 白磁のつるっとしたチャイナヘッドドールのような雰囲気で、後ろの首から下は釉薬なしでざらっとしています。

=======

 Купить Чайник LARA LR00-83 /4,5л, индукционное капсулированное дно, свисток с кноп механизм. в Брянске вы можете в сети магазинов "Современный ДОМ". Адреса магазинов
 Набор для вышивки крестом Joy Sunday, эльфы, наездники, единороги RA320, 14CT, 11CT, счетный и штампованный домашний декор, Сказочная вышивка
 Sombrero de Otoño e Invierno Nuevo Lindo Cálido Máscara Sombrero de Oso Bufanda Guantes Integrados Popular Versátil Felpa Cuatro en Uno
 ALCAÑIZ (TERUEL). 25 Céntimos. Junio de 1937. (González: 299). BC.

=======

Copy the entries above exactly, but only from the line holding "Набор для вышивки" through the line holding "ALCAÑIZ (TERUEL). 25", both included.

Result —
 Набор для вышивки крестом Joy Sunday, эльфы, наездники, единороги RA320, 14CT, 11CT, счетный и штампованный домашний декор, Сказочная вышивка
 Sombrero de Otoño e Invierno Nuevo Lindo Cálido Máscara Sombrero de Oso Bufanda Guantes Integrados Popular Versátil Felpa Cuatro en Uno
 ALCAÑIZ (TERUEL). 25 Céntimos. Junio de 1937. (González: 299). BC.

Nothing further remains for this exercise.